**Problem statement**
Report how many lines of the records below include the word "Follow". Give nothing but the number.

**Records for the task**
━━━

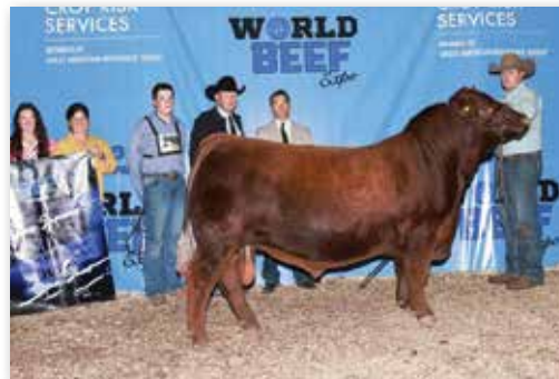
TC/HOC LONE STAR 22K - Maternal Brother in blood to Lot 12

━━━

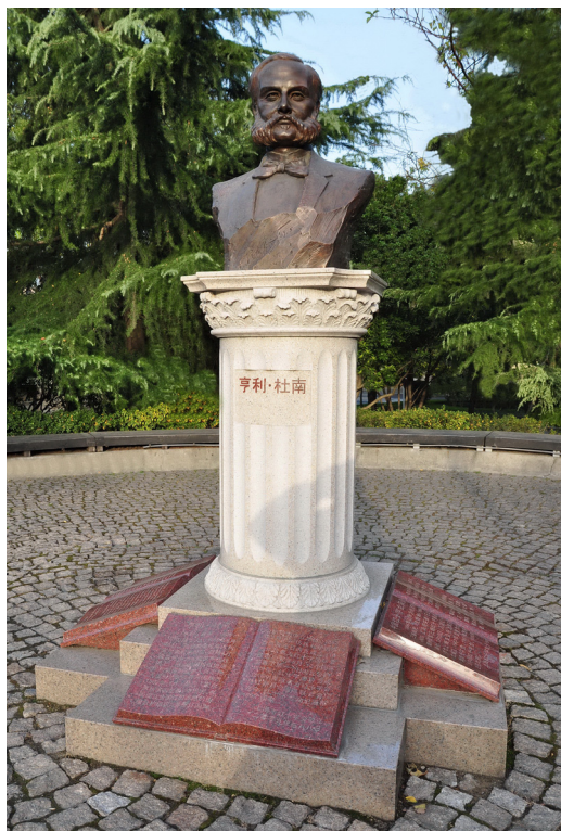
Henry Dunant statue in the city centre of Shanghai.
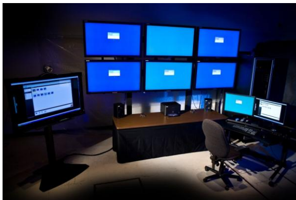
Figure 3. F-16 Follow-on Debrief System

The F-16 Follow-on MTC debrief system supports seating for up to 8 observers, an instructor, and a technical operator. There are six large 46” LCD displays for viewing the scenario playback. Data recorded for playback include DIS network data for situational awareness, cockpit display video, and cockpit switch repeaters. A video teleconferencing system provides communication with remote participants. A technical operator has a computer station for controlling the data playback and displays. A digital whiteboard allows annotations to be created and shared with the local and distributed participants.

━━━

**Answer below**
2